Giant Boulders Mirror Desperation In California's Homelessness Crisis

A narrow, unassuming two-block stretch in San Francisco where residents placed 24 giant rocks along the sidewalk has found itself a symbol of the desperation, frustration and emotions of California’s homelessness crisis.

The Clinton Park alley boulders, for which neighbors pooled several thousand dollars in order to physically deal with the street’s ongoing problem with tent camps and open drug dealing, captured national media attention this week when San Francisco Public Works hauled them away and into storage at those same neighbors’ request, just days after they were installed.

The residents had unwittingly invited a new predicament: Activists pushed the boulders into the streets to protest what they saw as a cruel effort to shoo off homeless people and, in some instances, they sent death threats, residents said.

“We don’t want to feel the fire anymore,” one resident, who kept their identity private for fear of retaliation, told the San Francisco Chronicle.

But the saga’s likely far from over. Public Works Director Mohammed Nuru told local media outlets Monday that bigger boulders may be the solution, and his department “will support whatever the residents want to do,” be it new rocks or a more artful landscaping solution.

But whatever the conclusion, the city ― and the state of California ― will still have a growing population of homeless residents and a staggering shortage of short- and long-term housing solutions that no size of rock can fix.

“Boulders on sidewalks are not the solution,” state Sen. Scott Wiener (D), whose district includes San Francisco, told HuffPost.

Before taking statewide office, he was the supervisor for the area encompassing Clinton Park and saw firsthand how much drug use, violence, noise and other issues residents were putting up with, he said. “I think it’s important to understand that these people are just trying to live their lives,” he said of their grievances.

That doesn’t mean people on both sides of the controversy shouldn’t be angry, he noted.

“The broader issue is our failure as a state to really address the homelessness crisis,” Wiener said. California is home to nearly a quarter of the nations’ homeless people.

“We have a broken policy when it comes to housing, and we should all be very upset about that,” he added, referencing city and state policy that has made it extremely difficult to build more housing (despite skyrocketing rents that displace people) or erect new homeless shelters and service centers (despite the homeless population increasing 30% to 40% in the past two years in some California counties).

The same day those homelessness numbers came out in May, California lawmakers tabled their only bill aimed at expanding the housing market. Senate Bill 50, authored by Wiener, would have allowed for bigger and denser residential construction near major transit hubs.

That was “frustrating,” Wiener said, but he plans to reintroduce similar legislation when the Senate reconvenes next year. His recent successes increasing funding for emergency shelters and streamlining the approval for homeless navigation centers keep him hopeful.

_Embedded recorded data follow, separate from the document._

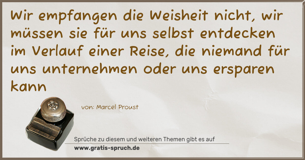 Wir empfangen die Weisheit nicht, wir müssen sie für uns selbst entdecken im Verlauf einer Reise, die niemand für uns unternehmen oder uns ersparen kann
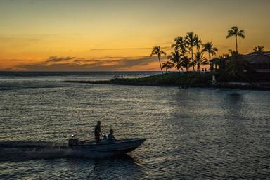 Keywords: moving boat sunset seascape orange sky water ocean landscape nature summer travel evening scenic clouds sky palm trees tropical outdoor colorful scenery dramatic view
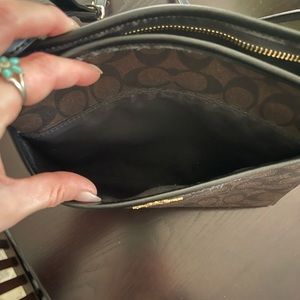 FILE CROSSBODY IN SIGNATURE CANVAS. In brown and black leather. Just like new, minor wear and tear. Selling for $65! No low ballers please, originally purchased doe 150 last year and it’s had minimal use.

For now, San Francisco remains the picture of the homelessness crisis in both California and the country at large. The showdown over the boulders is only the most recent one to highlight a broken system and the simmering tensions about how to address it.

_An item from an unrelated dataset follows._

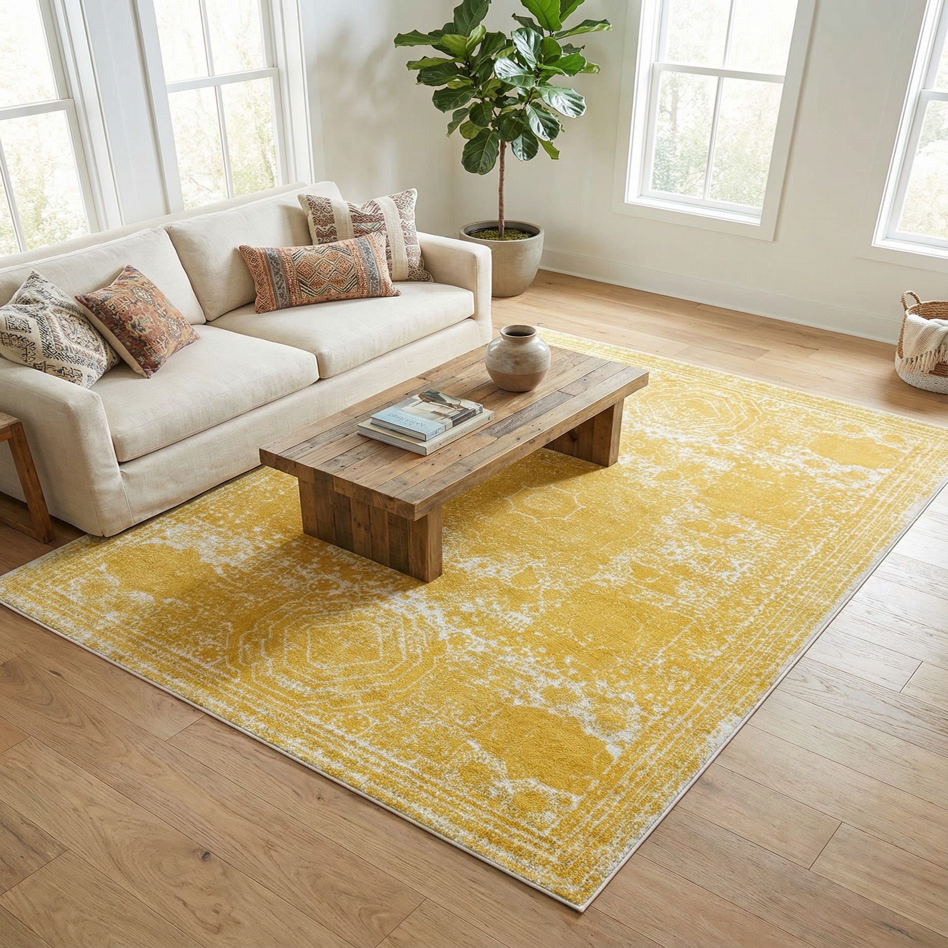 Primary color is Yellow. Colors in this rug include: Yellow, Ivory.

Last year, one of the most hotly debated propositions on the San Francisco ballot sought to tax the city’s wealthiest companies in order to double the money the city spends on helping the homeless. The proposal divided leaders of San Francisco’s wealthy tech companies, and, though voters ultimately passed it, opponents sued and the funds were tied up until this summer.

In July, residents of an affluent San Francisco neighborhood sued the city and state to stop construction of a 200-bed navigation center, a newer take on traditional shelters that hand-picks a population of homeless people to serve through beds, case managers, medical services and more relaxed policies on pets and meal schedules.

That lawsuit came despite calls from the navigation center’s supporters at an April meeting that residents acknowledge homeless people as their neighbors.

“These people are not noncontributing citizens. They’re not criminals,” Armando Garcia, a human rights organizer for the San Francisco Coalition on Homelessness, said at that meeting. “They’re San Franciscans, just like anybody here. Many of them have lived here a long time, and ... they deserve to share in the success of this city.”